Many algorithms in optimization for ML are motivated by the high-level idea of having “adaptive” step-sizes for each parameter. Such methods include Adam, RMSProp or other methods in the same family tree, hyper-gradient methods that update hyperparameters like the step-size of gradient descent by gradient descent, and one could also put approximate second-order methods in that category. But we don’t have a good formal definition of what we mean by “adaptive step-sizes”. The one algorithm that has such a definition is AdaGrad, in online learning. But that definition has to account for adversarial non-smooth functions. This is a difficult and to be “adaptive” under that definition, an algorithm has to be very conservative and use decreasing step-sizes, which can lead to bad performance on simple problems, compared to baselines like gradient descent with a line-search.

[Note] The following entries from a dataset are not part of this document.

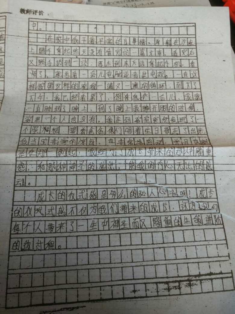 成长的仪式感 热831 类别:抒情 发表时间:2018-10-02 08:57 已有 832 次阅读 指导老师:孙书建 所属学校:登封市大金店梅村初中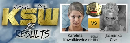 Czwarta walka z głównej karty gali KSW27 - Cage Time i pierwsza o mistrzowski pas, pas należący do Karoliny Kowalkiewicz, a który odebrać Polce chce Austriaczka Jasminka Cive.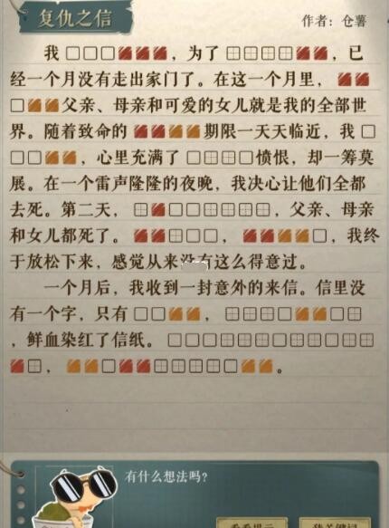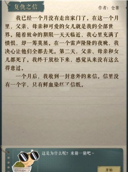 海龟蘑菇汤中的汤面很多都是有一定难度的,玩家想要顺利的通关,需要对故事完整的了解以及推理,在一定的问题下来获得最终的解谜,那么复仇之信这一关要怎么玩呢?让小编来告诉大家吧。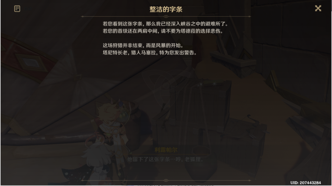 6.传送千河沙神像,前往塔尼特营地,调查木箱。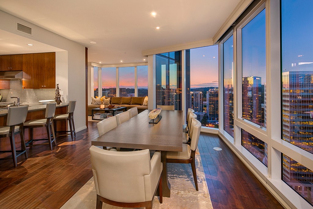 Live in the pinnacle of “Luxury” in this well dressed, stylish urban home. Exquisitely enhanced interiors, professionally sculpted to provide seamless design with a contemporary flair. Bold architectural lines blend form and function together as one. Located high above the pulse of Downtown Bellevue’s urban core. From brilliant sun rises to the shimmer of Bellevue’s evening city lights. Elegant living with effortless convenience. Amenities include 24 hour concierge, spa, and fitness center.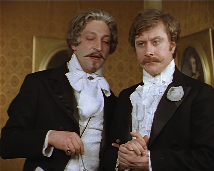 К примеру, Михаил Козаков задумал представить виконта де Розальба весьма странноватым щеголем, с намеком на нетрадиционную сексуальную ориентацию. Андрей Миронов был уверен, что при приемке фильма такой образ не пропустят. Особенно все боялись за сцену, где виконт выходит в парике, с лорнетом и говорит, картавя, Фадинару: «Представьте себе: лужок, пасутся коровки, коровки… бычок. Бык. И все сгребают сено, сгребают. И такой молоденький-молоденький пастушок». Однако чиновники Гостелерадио СССР (фильм снимался по заказу телевидения) ничего подозрительного не заметили…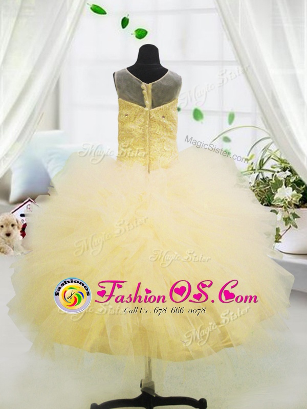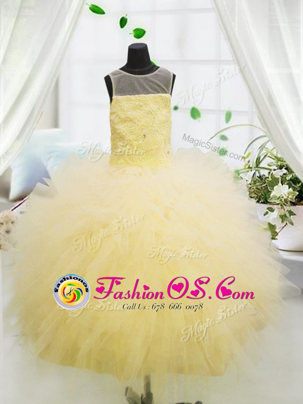 Ball Gowns Little Girl Pageant Dress Light Yellow Scoop Tulle Sleeveless Floor Length Zipper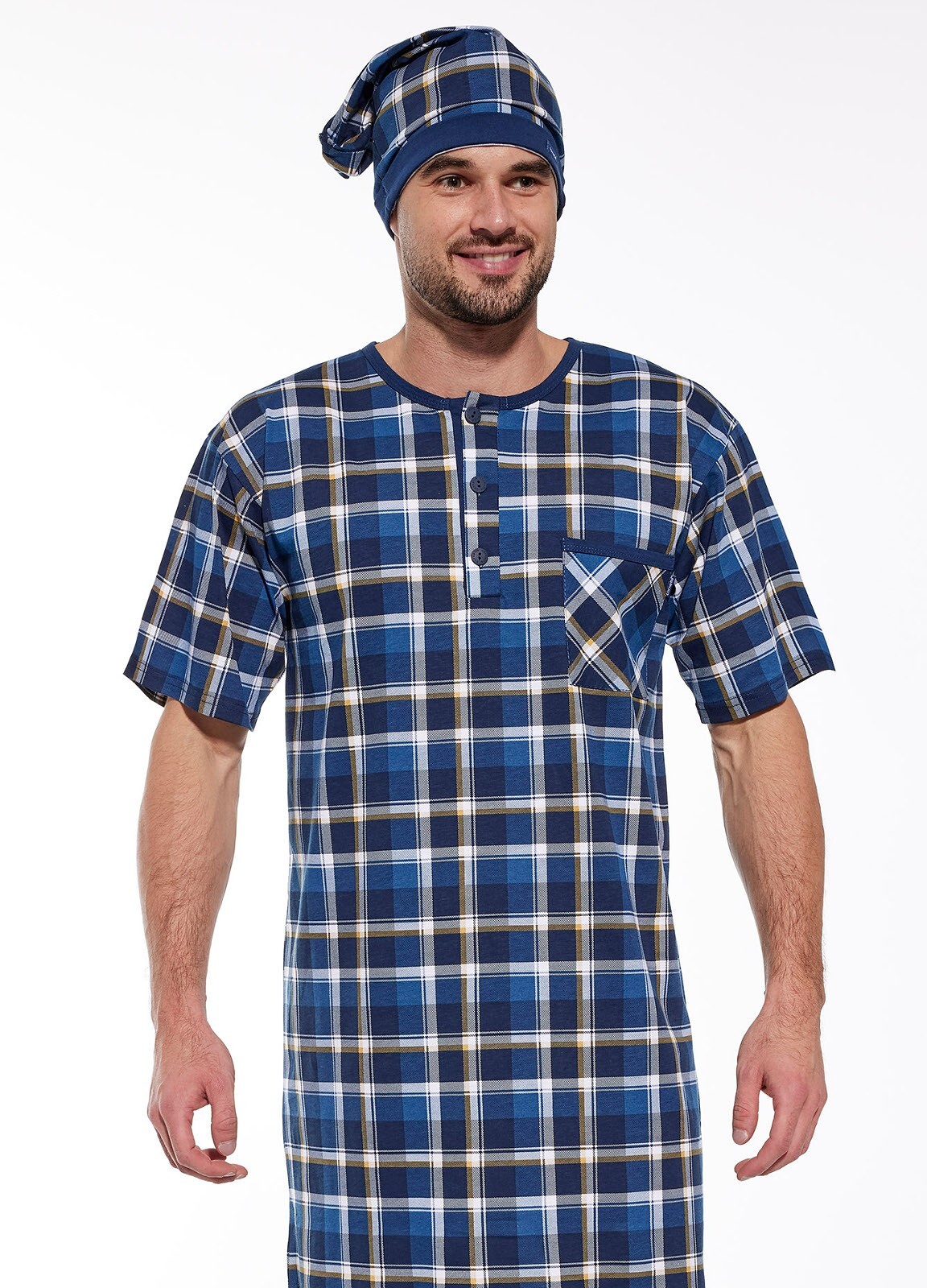 Koszula nocna, męska- wykonana z bawełny w kratkę- z krótkim rękawem- dekolt półokrągły, zapinana na trzy guziczki- na piersi naszyta kieszonka- do kompletu szlafmyca prečítať celé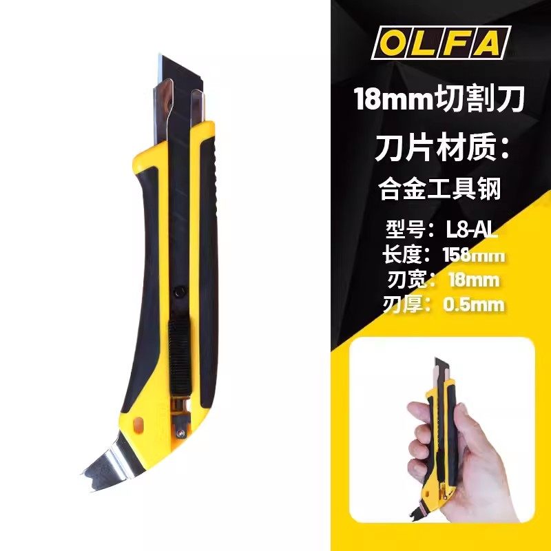 日本OLFA爱利华L8-AL美工刀尾部M形爪尾翼壁纸裁纸墙纸刀加厚刀架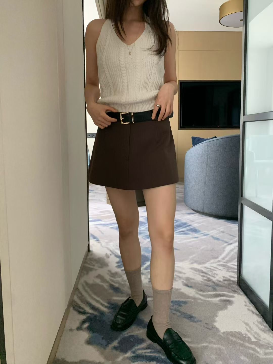 內磨毛可斜肩T+鬆緊落地磨毛長裙SET(可拆買)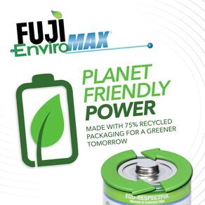 A embalagem com código de data assegura que as pilhas estejam frescas e prontas para oferecer o melhor desempenho quando você precisar. As pilhas Fuji Enviromax combinam potência, durabilidade e design ecológico, tornando-se uma excelente escolha para consumidores que buscam soluções energéticas confiáveis com menor impacto ambiental.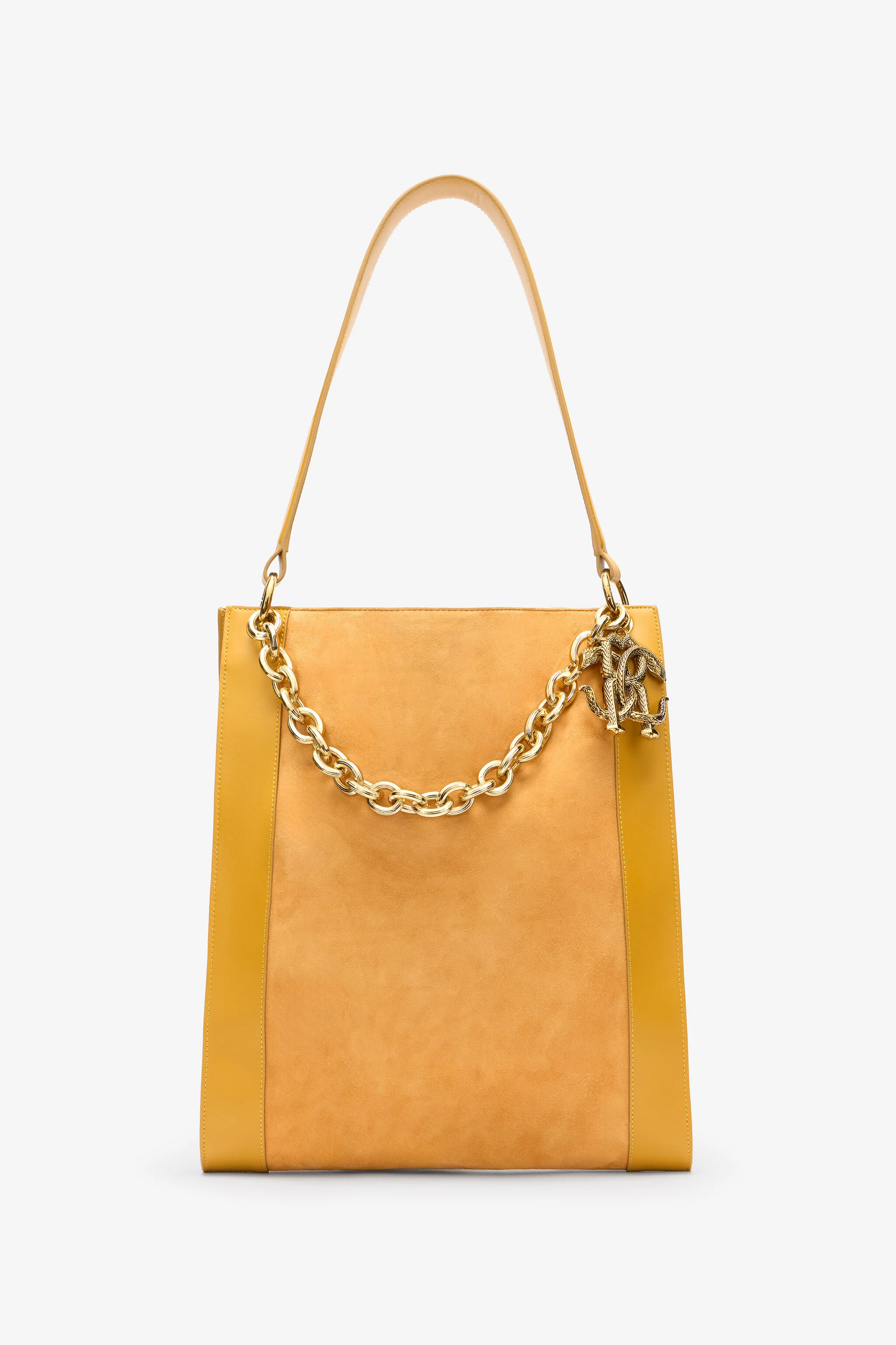 ID: VKB005-PC219-01004 The perfect combination of elegance and functionality, this shoulder bag by Roberto Cavalli will bring a touch of luxury to your everyday looks. The style, characterized by a spacious silhouette that extends vertically, plays on the contrast of textures created by the smooth side panels and the central panels with a suede effect. The accessory is complete with a convenient top handle and is enriched by a chain with thick links, embellished with a charm with the iconic Mirror Snake Monogram, which lends itself both to falling on the front in the form of a decorative element, and to being used as a second handle. Details - Large shoulder bag - Spacious design - Vertical rectangular design - Smooth-textured side panels - Central panel with suede texture - Top handle - Decorative chain to be used as a handle - Charm with Mirror Snake Monogram - Top opening - Contrasting animal print lining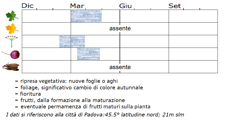 Fenologia minima. In città si comporta da sempreverde.Areale di origine – Native range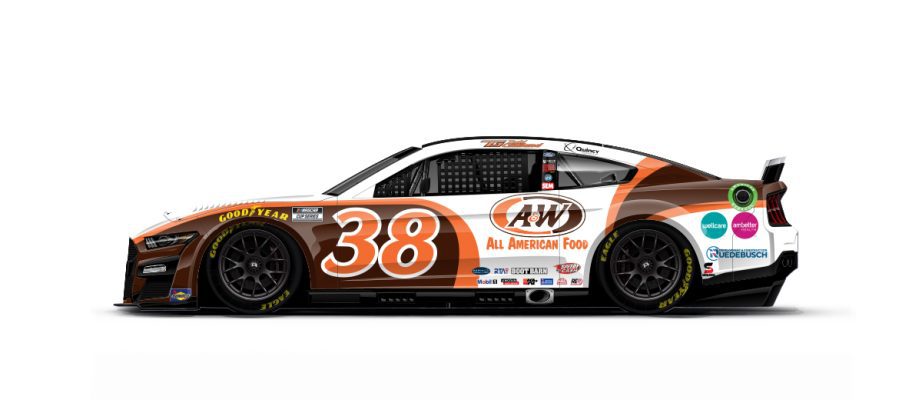 Justin Haley #51 Beef a Roo Ford Mustang-New sponsor for 2024, white, yellow, and green with some designs. A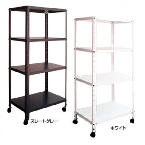 福富士 業務用 収納スチールラック 高さ126 横幅60 奥行40 4段 キャスター付 RLK-644 ホワイト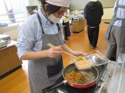 今回、お弁当のおかずとして「玉子焼き」「にんじんしりしり」「チンジャオロース」「しょうが焼き」を作りました。上手にできています。

Our work introduces a different definition of adaptivity for non-adversarial problems, specifically for deterministic, smooth, strongly convex functions. In such problems, the performance of gradient descent is typically characterized by the condition number of the Hessian. Fixed per-coordinate step sizes, or a diagonal preconditioner, would improve performance by improving the condition number, and the “best” diagonal preconditioner would minimizes the conditioner number. We define an “adaptive” algorithm as one that it is competitive with the best diagonal preconditioner for the given problem, and develop multidimensional backtracking, an algorithm that satisfies this definition of competitivity. The algorithm is a generalization of the standard backtracking line-search for smooth optimization to multiple dimensions, and combines intuition from the hypergradient literature with the formalism of a cutting plane method to search for a good preconditioner while running preconditioned gradient descent.